The Washington Post, along with several other news outlets reported a few weeks ago that the birth rate in the US is down. It fell 1% from 2015 to 2016. Why is this news? Is it a problem?

 Apparently it is. The article says we are “in the midst of what some worry is a baby crisis.” The birth rate has been declining for years and is now at a historic low according to the Centers for Disease Control and Prevention. Some predict it will result in “economic and cultural turmoil” and that “there's a danger that we wouldn't be able to replace the aging workforce and have enough tax revenue to keep the economy stable.”

The workforce issue could be a worry if the birthrate falls and stays below the replacement level, unless robots fill some of those jobs that the aging workforce leaves. Of course, the idea of robots taking jobs is another of the worries that the news media presents as a potential crisis! But maybe it would be a good thing.

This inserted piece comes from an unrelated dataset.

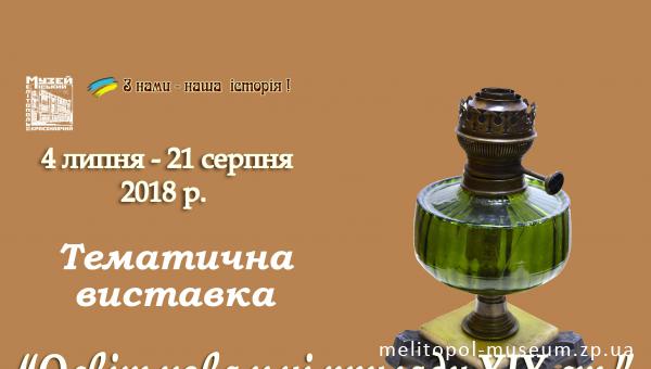 В Мелітопольському міському краєзнавчому музеї 4 липня 2018 р. відкриється тематична виставка «Освітлювальні прилади XIX ст.».

With robots doing the work, there would not be enough human workers to pay into the Social Security fund that the retirees draw from. But that is already a problem, a flaw in the design of the program rather than a crisis brought about by not enough babies. It is compounded by the inadequate savings of many older Americans, but fewer children would cost parents less and with a little more discipline the may be averted.

Then there is the fact that as economies strengthen and the standard of living improves it is natural for parents to have fewer children. Populations migrate from farm to city, and the childhood survival rate improves as healthcare improves. It happens in every country, not just here. According to the article countries that already have low birthrates are fighting this trend by putting “pro-family policies into place to try to encourage couples to have babies.” 

That smacks of yet another government attempt to sway individual decisions – there is already a tax break for having children and assistance payments are calculated on a per child basis.  Now should programs like mandatory parent leave be added? Do we have people in Washington (or anywhere) capable of fine-tuning the birthrate by turning on and off programs and regulations? Even if we did, is it politically realistic to expect that such benefits could easily be turned off? 

At the same time we have a distress call every summer that children are out of school and will be going hungry because they no longer get free breakfasts and lunches. Charitable organizations are putting together programs to address this problem.  Would more babies compound this problem?  

Finally, since everyone is worried about climate change, isn’t having fewer people burning fossil fuel, otherwise adding to greenhouse gases by eating meat and generally using up the earth’s resources a good thing? Technically, your children and grandchildren are part of your carbon footprint. Maybe this is another case of wanting to clean up the planet by letting someone else do it.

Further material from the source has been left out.